ところが、作っている途中や、サンプルをアプリケーションチームに渡してから、ある問題に気がついた。まず第一は、
数値の入力
だ。「伝票入力」ではこれが主だと言ってもいいくらい大事なものなのだが、GTKには数値入力専用のウィジェットがない(たいていのアプリでは文字列入力ウィジェットでやってしまう)。だから、もちろんgladeやlibgladeはサポートしていない。しょうがないので、そういったウィジェットを作ることにする。ウィジェットを作ると、gladeやlibgladeをいじらないといけないのだが、コードを見ているとわりと単純だということに気がついたので、その辺もいじって使えるようにした。お陰で、既存のgladeやlibgladeと互換性がなくなってしまったのだが、まー、それはしょうがない。
その次の問題は、
GTKのウィジェットはマウスを使うことが前提
だということだ。たとえば、コンボボックスでenterすると、リストが開く。そして、それを閉じるにはescするなりマウスを使うなりすることになる。ダム端の常識で言えば、フィールドでenterすれば「入力確定で次のフィールドへ移動」という動作を期待する。仮にそれがダメであってもescやマウスに手を伸ばしたくはない、こういったちょっとした問題は、結構あちこちにあった。

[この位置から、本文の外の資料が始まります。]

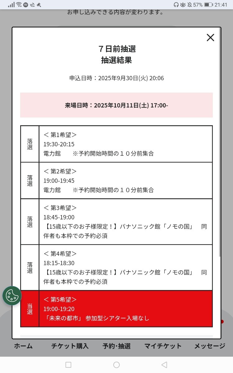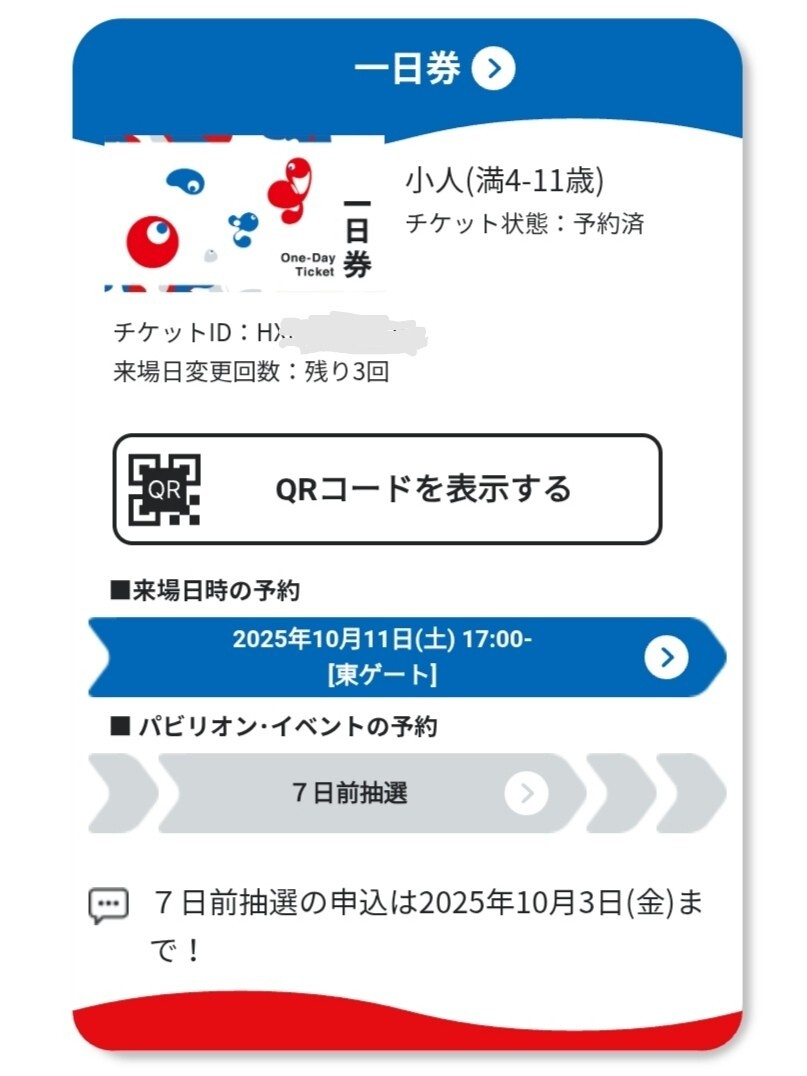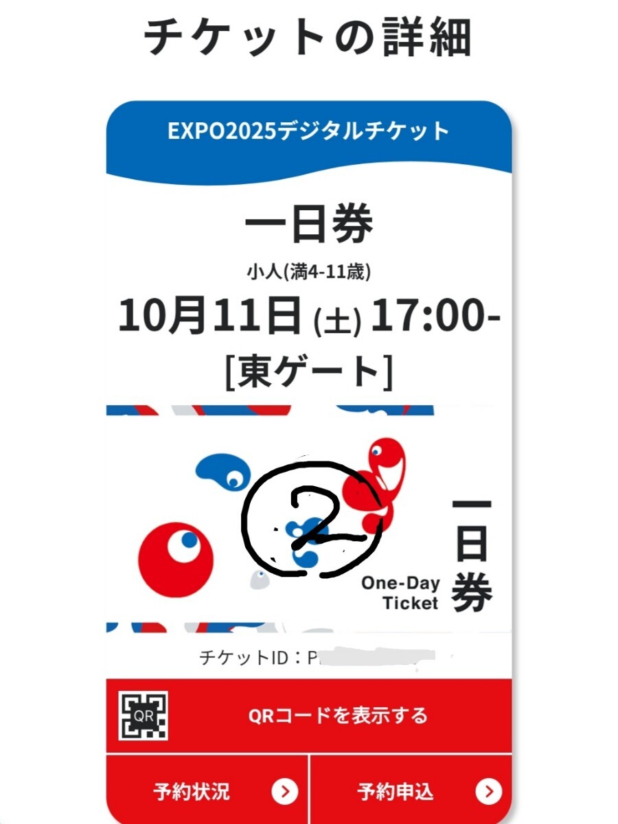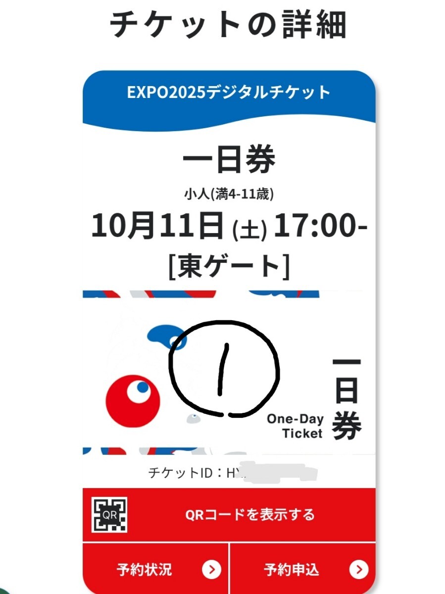 EXPO2025 大阪関西万博 10月11日 (土) 東ゲート 17時予約済 1日券 小人 2枚

最新のGTKはどうだか知らないが、当時主流だったGTK 1.2系では、この辺は外からいじることが出来ない。しょうがないのでコードをいじって「微妙に動作の違うウィジェット」を作ることになる。数値入力ウィジェットは私が作ったのだが、こういった雑多なものまでは手が回らないのと、仕様がはっきりしているということもあったので、AXEさんにお願いすることにした。なんでAXEさんかと言えば、元々竹岡さん達と付き合いがあったということと、彼等は「式神」を作っていて、GTKの中身に詳しかったということからだ。
まぁそんなことで、いくつかあるGTKの問題は「自前ウィジェット」で解決することにした。その当時既にメジャーだったGTKであっても、こういった「普通の業務システム」に要求される機能はイマイチだったのである。これが、当時のLinuxの開発環境のレベルだった。「GUIなメールソフト」は作れても、「伝票入力」は満足なものは作れなかったのである。
gladeのXMLを使うというのは、もう一つメリットがあった。それは「解釈」さえ作ってやれば、GTKでなくても使えるという可能性だ。
当時考えていたのは、まず「CUI」だった。やはり現場はダム端を望むのだ。いかに分散してGUIを高速に動くようにしても、やはりCUIの高速さには敵わない。だから、「余力があればCUIも」と思っていた。当時のマンパワーでは実現しなかったし、今も出来ていないけれど「やろうと思えばやれる」というのは意味がある。
さらに適当な変換でHTMLを出すことも出来た。これは「Linux以外の環境も端末で使えるように」と言われたことへの答えだ。これも諸伴の事情でORCAでは使っていないのだが、随分と後になって日弁連で使うことになる。また、遠からず私の会社が行うサービスでも使う予定だ。本来はORCAの延長で「診察予約」だとか「健康管理システム」に使いたかったのであるが、それは実現に至っていない。
しばらく後になって、WindowsやMacでもクライアントが実現出来たのは、このアーキテクチャによるところが大きいはずだ。